- Required work -
Using the data that follows, output only the lines from the line with "市市场监督管理局羊山分局餐饮" up to and including the line with "Xalapa, Ver., viernes", exactly, leaving pictures aside.

- Supplied entries -
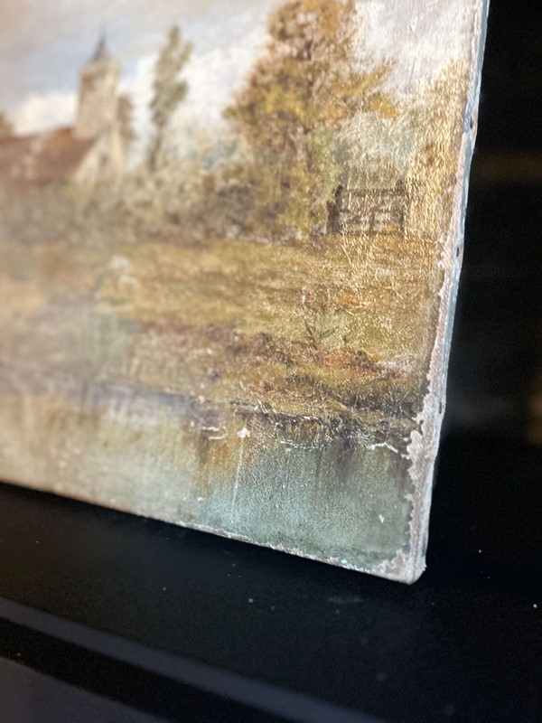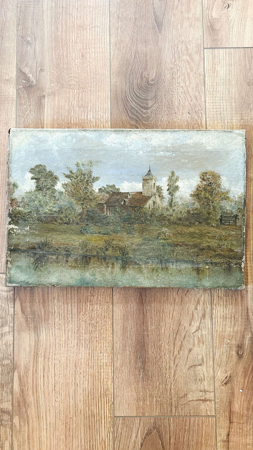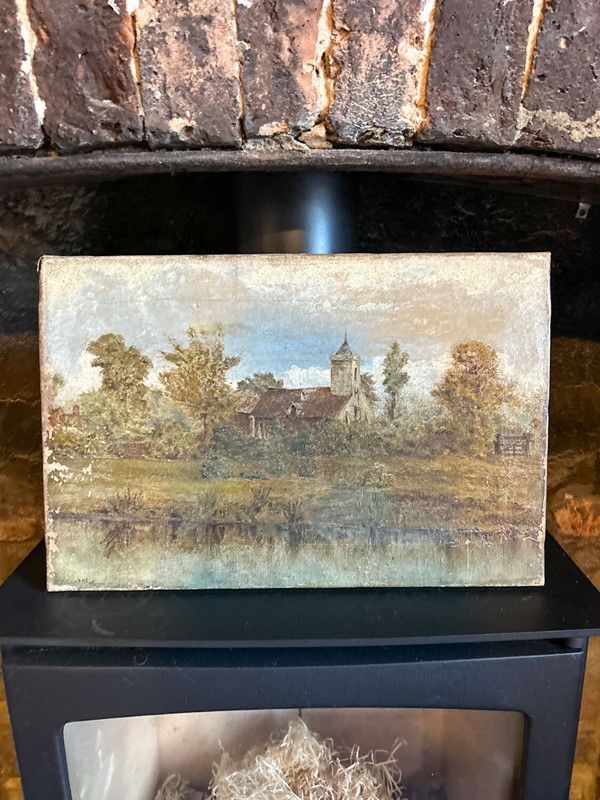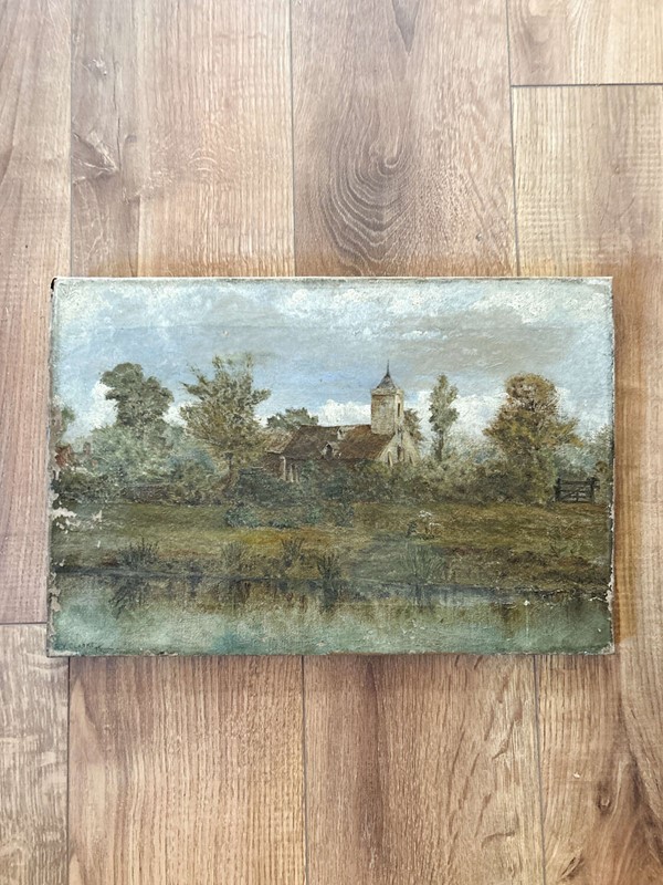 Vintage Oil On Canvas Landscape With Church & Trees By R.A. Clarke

...

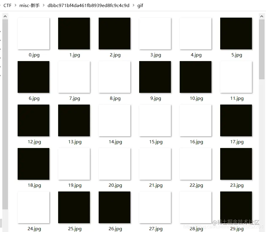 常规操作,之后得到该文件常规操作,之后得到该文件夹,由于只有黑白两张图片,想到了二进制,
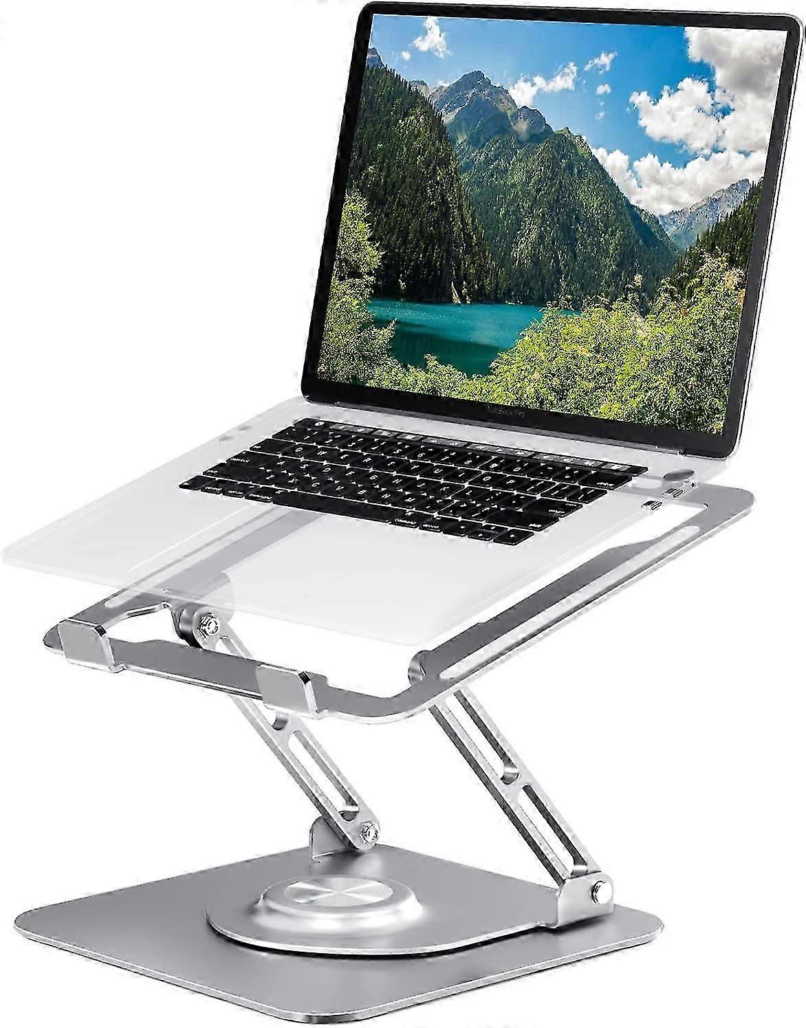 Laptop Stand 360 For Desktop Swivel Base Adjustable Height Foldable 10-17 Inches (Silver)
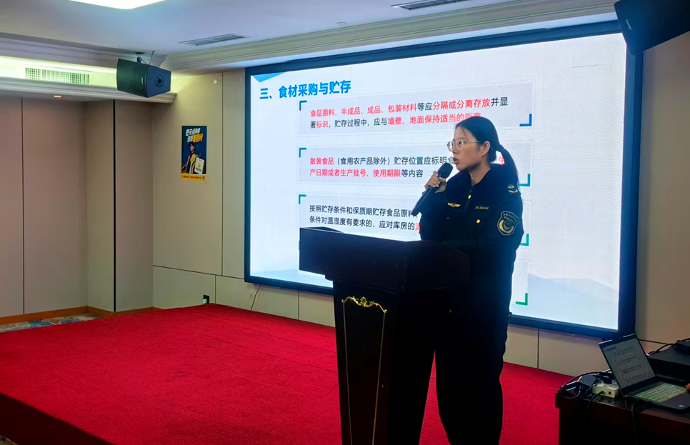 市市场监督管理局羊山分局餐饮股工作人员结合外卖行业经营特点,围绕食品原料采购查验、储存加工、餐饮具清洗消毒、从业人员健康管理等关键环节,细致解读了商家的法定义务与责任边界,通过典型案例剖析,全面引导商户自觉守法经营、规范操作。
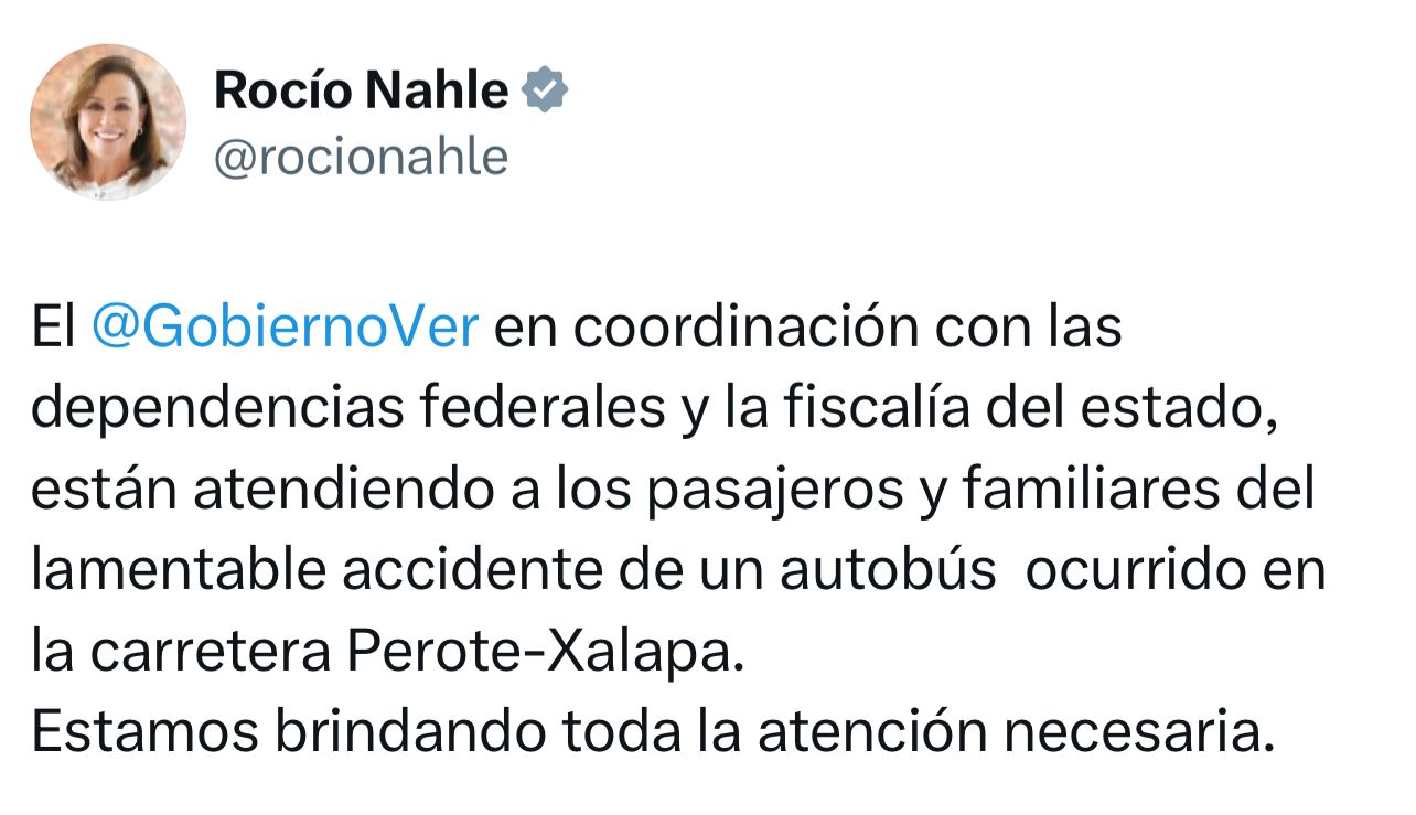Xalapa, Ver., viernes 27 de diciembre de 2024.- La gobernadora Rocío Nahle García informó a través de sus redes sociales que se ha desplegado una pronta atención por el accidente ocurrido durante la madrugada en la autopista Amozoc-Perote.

- Response -
 市市场监督管理局羊山分局餐饮股工作人员结合外卖行业经营特点,围绕食品原料采购查验、储存加工、餐饮具清洗消毒、从业人员健康管理等关键环节,细致解读了商家的法定义务与责任边界,通过典型案例剖析,全面引导商户自觉守法经营、规范操作。
Xalapa, Ver., viernes 27 de diciembre de 2024.- La gobernadora Rocío Nahle García informó a través de sus redes sociales que se ha desplegado una pronta atención por el accidente ocurrido durante la madrugada en la autopista Amozoc-Perote.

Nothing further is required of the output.